Mansour Sherry G, Puthumana Jeremy, Coca Steven G, Gentry Mark, Parikh Chirag R
Program of Applied Translational Research, Department of Medicine, Yale University, School of Medicine, New Haven, CT, USA.
Section of Nephrology, Yale University School of Medicine, 60 Temple Street, Suite 6C, New Haven, CT, 06510, USA.
BMC Nephrol. 2017 Feb 20;18(1):72. doi: 10.1186/s12882-017-0490-0.
Fibrosis is the unifying pathway leading to chronic kidney disease. Identifying biomarkers of fibrosis may help predict disease progression.
We performed a systematic review to evaluate the reliability of blood and urine biomarkers in identifying fibrosis on biopsy as well as predicting renal outcomes. Using MEDLINE and EMBASE, a two-stage search strategy was implemented. Stage I identified a library of biomarkers correlating with fibrosis on biopsy. Stage II evaluated the association between biomarkers identified in stage I, and renal outcomes. Only biomarkers with moderate positive correlation with fibrosis (r > 0.40) or acceptable area under the curve (AUC >0.65) advanced to stage II.

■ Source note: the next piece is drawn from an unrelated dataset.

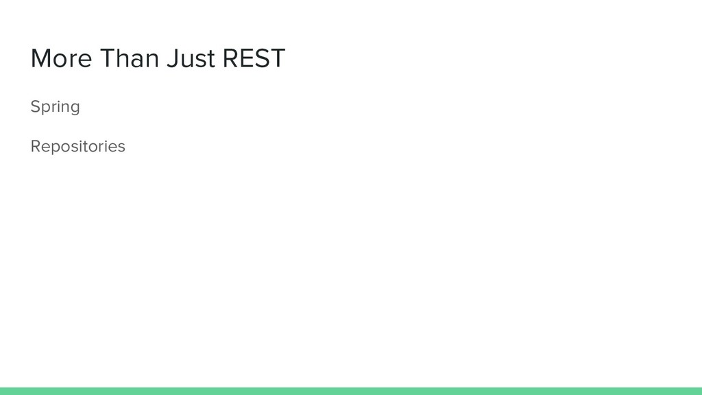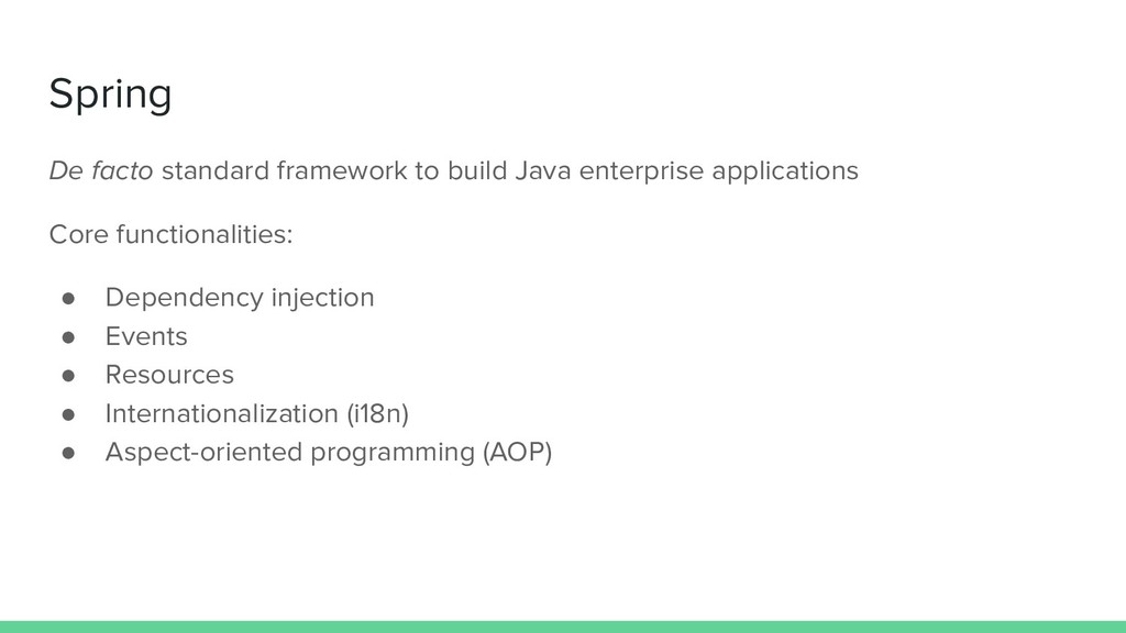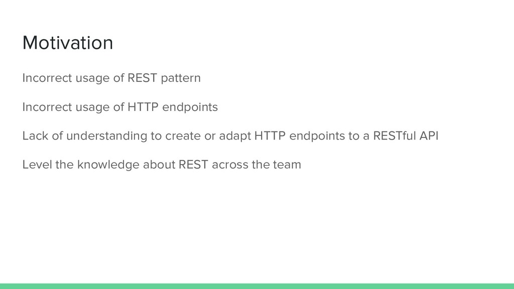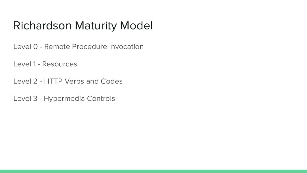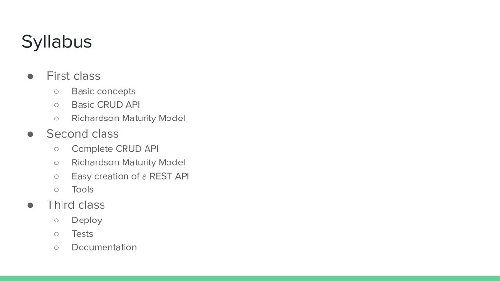 API ◦ Richardson Maturity Model • Second class ◦ Complete CRUD API ◦ Richardson Maturity Model ◦ Easy creation of a REST API ◦ Tools • Third class ◦ Deploy ◦ Tests ◦ Documentation

Stage I identified 17 studies and 14 biomarkers. Five biomarkers met criteria to advance to stage II, but only three were independently associated with renal outcomes. Transforming growth factor β (TGF-β) correlated with fibrosis (r = 0.60), and was associated with 1.7-3.9 times the risk of worsening renal function in 426 patients. Monocyte chemoattractant protein-1 (MCP-1) diagnosed fibrosis with AUC of 0.66 and was associated with 2.3-11.0 times the risk of worsening renal function in 596 patients. Matrix metalloproteinase-2 (MMP-2) correlated with fibrosis (r = 0.41), and was associated with 2.5 times the risk of worsening renal function.
Given the heterogeneity of the data due to diverse patient populations along with differing renal outcomes, a meta-analysis could not be conducted. Nonetheless we can conclude from the published data that TGF-β, MCP-1 and MMP-2 may identify patients at risk for renal fibrosis and hence worse renal outcomes.
纤维化是导致慢性肾脏病的共同途径。识别纤维化生物标志物可能有助于预测疾病进展。
我们进行了一项系统评价,以评估血液和尿液生物标志物在通过活检识别纤维化以及预测肾脏结局方面的可靠性。使用MEDLINE和EMBASE,实施了两阶段检索策略。第一阶段确定了与活检时纤维化相关的生物标志物库。第二阶段评估了第一阶段确定的生物标志物与肾脏结局之间的关联。只有与纤维化呈中度正相关(r > 0.40)或曲线下面积可接受(AUC > 0.65)的生物标志物进入第二阶段。
第一阶段确定了17项研究和14种生物标志物。5种生物标志物符合进入第二阶段的标准,但只有3种与肾脏结局独立相关。转化生长因子β(TGF-β)与纤维化相关(r = 0.60),在426例患者中,其与肾功能恶化风险增加1.7至3.9倍相关。单核细胞趋化蛋白-1(MCP-1)诊断纤维化的AUC为0.66,在596例患者中,其与肾功能恶化风险增加2.3至11.0倍相关。基质金属蛋白酶-2(MMP-2)与纤维化相关(r = 0.41),与肾功能恶化风险增加2.5倍相关。
由于患者群体多样以及肾脏结局不同,数据存在异质性,因此无法进行荟萃分析。尽管如此,我们可以从已发表的数据中得出结论,TGF-β、MCP-1和MMP-2可能识别出有肾纤维化风险从而肾脏结局较差的患者。